To learn more about using Rucio and Metacat to run over large data samples go here:
Full Justin/Rucio/Metacat Tutorial
Exercise 1
- Use
metacat query ....
to find a file from a particular experiment/run/processing stage. Look in DataCatalogDocs for hints on constructing queries.- Use
metacat file show -m -l namespace:filename
to get metadata for this file. Note that--json
gives the output in json format.
When we are analyzing large numbers of files in a group of batch jobs, we use a metacat dataset to describe the full set of files that we are going to analyze and use the JustIn system to run over that dataset. Each job will then come up and ask metacat and rucio to give it the next file in the list. It will try to find the nearest copy. For instance if you are running at CERN and analyzing this file it will automatically take it from the CERN storage space EOS.

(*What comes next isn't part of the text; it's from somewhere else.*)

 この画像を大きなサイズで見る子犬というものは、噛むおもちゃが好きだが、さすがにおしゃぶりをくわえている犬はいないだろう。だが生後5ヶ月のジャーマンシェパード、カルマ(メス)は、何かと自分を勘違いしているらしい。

Exercise 2 - explore in the gui
The Metacat Gui is a nice place to explore the data we have.
You need to log in with your services (not kerberos) password.

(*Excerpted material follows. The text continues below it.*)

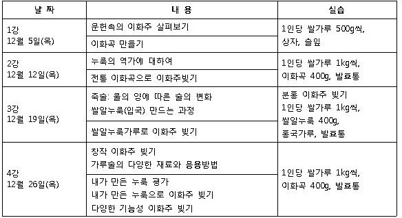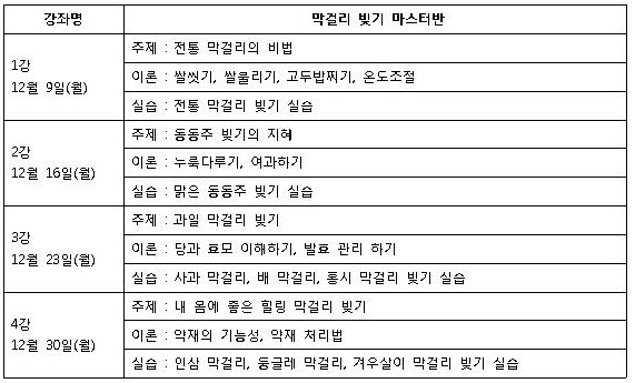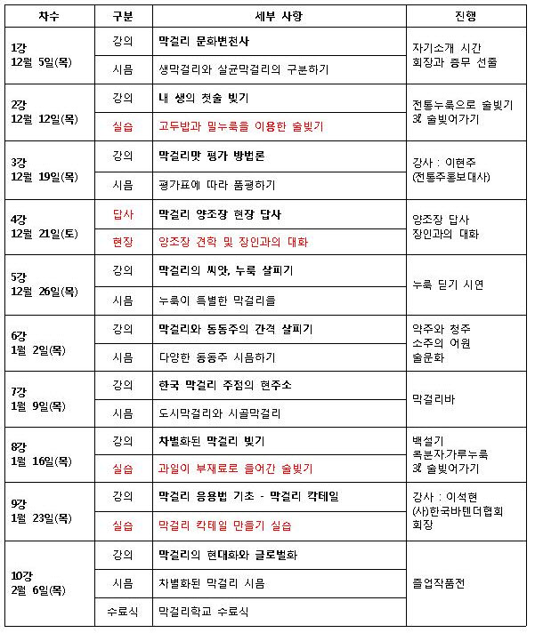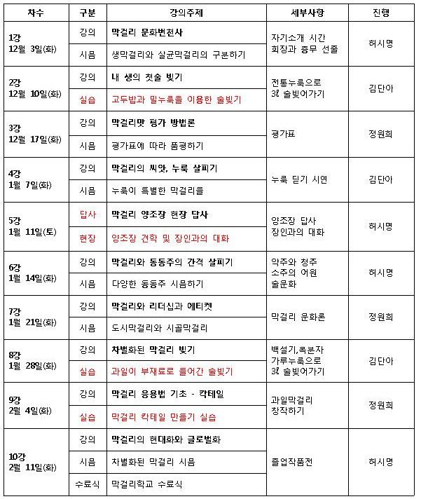 * 술빚기 실습 2회, 막걸리 칵테일실습 1회, 현장답사 1회 (막걸리 시음 1회에 평균 5종류 시음)
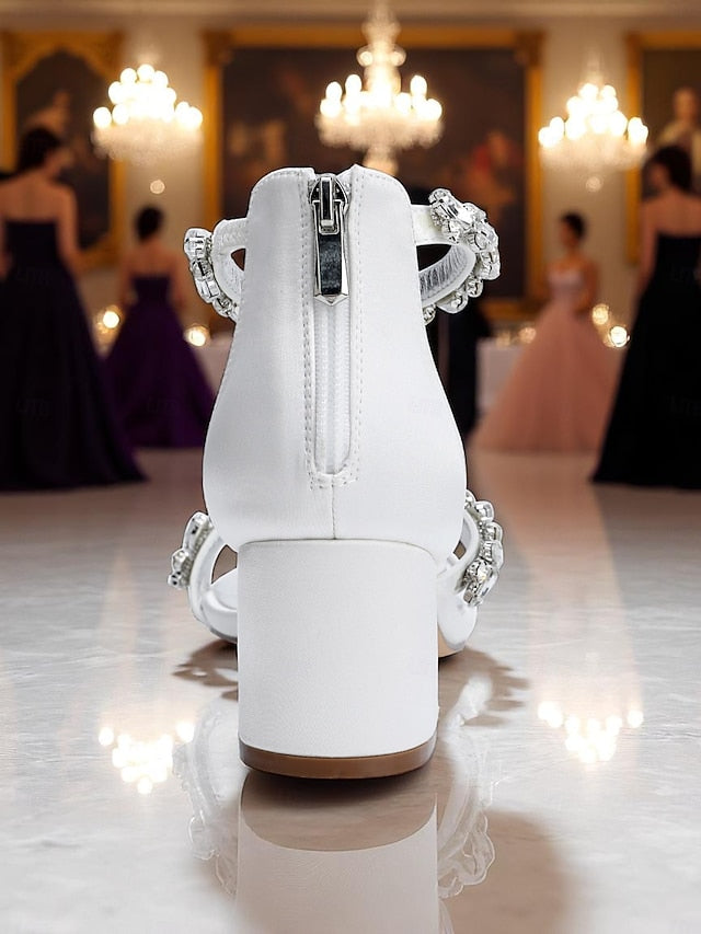 Gender: Women's, Category: Sandals, Style: Fashion, Sexy, Occasion: Party, Wedding, Toe Shape: Open Toe, Upper Materials: Satin, Lining Materials: Synthetic Leather, Outsole Materials: Rubber, Embellishment: Rhinestone, Season: Winter, Fall, Summer, Spring, Size Suggestion: standard size, select your usual size, Closure Type: Lace-up, Heel Height(inch): 2.17, Heel Type: Chunky Heel,

do a datasets search of all namespaces for the word official in a dataset name
you can then click on sets to see what they contain
Exercise 3 - explore a dataset
Use metacat to find information about the dataset justin-tutorial:justin-tutorial-2024 How many files are in it, what is the total size. (metacat dataset show command, and metacat dataset files command) Use rucio to find one of the files in it.
Resources:
Quiz
Question 01
What is file metadata?
- Information about how and when a file was made
- Information about what type of data the file contains
- Conditions such as liquid argon temperature while the file was being written
- Both A and B
- All of the above
Answer
The correct answer is D - Both A and B.
Comment here
Question 02
How do we determine a DUNE data file location?
- Do `ls -R` on /pnfs/dune and grep
- Use `rucio list-file-replicas` (namespace:filename) --pnfs --protocols=root
- Ask the data management group
- None of the Above
Answer
The correct answer is B - use
rucio list-file-replicas
(namespace:filename).Comment here
Useful links to bookmark
- DataCatalog: https://dune.github.io/DataCatalogDocs
- metacat: [https://dune.github.io/DataCatalogDocs/]
- rucio: [https://rucio.github.io/documentation/]
- Pre-2024 Official dataset definitions: dune-data.fnal.gov
- UPS reference manual
- UPS documentation (redmine)
- UPS qualifiers: About Qualifiers (redmine)
- mrb reference guide (redmine)
- CVMFS on DUNE wiki: Access files in CVMFS
Key Points
SAM and Rucio are data handling systems used by the DUNE collaboration to retrieve data.
Staging is a necessary step to make sure files are on disk in dCache (as opposed to only on tape).
Xrootd allows user to stream data files.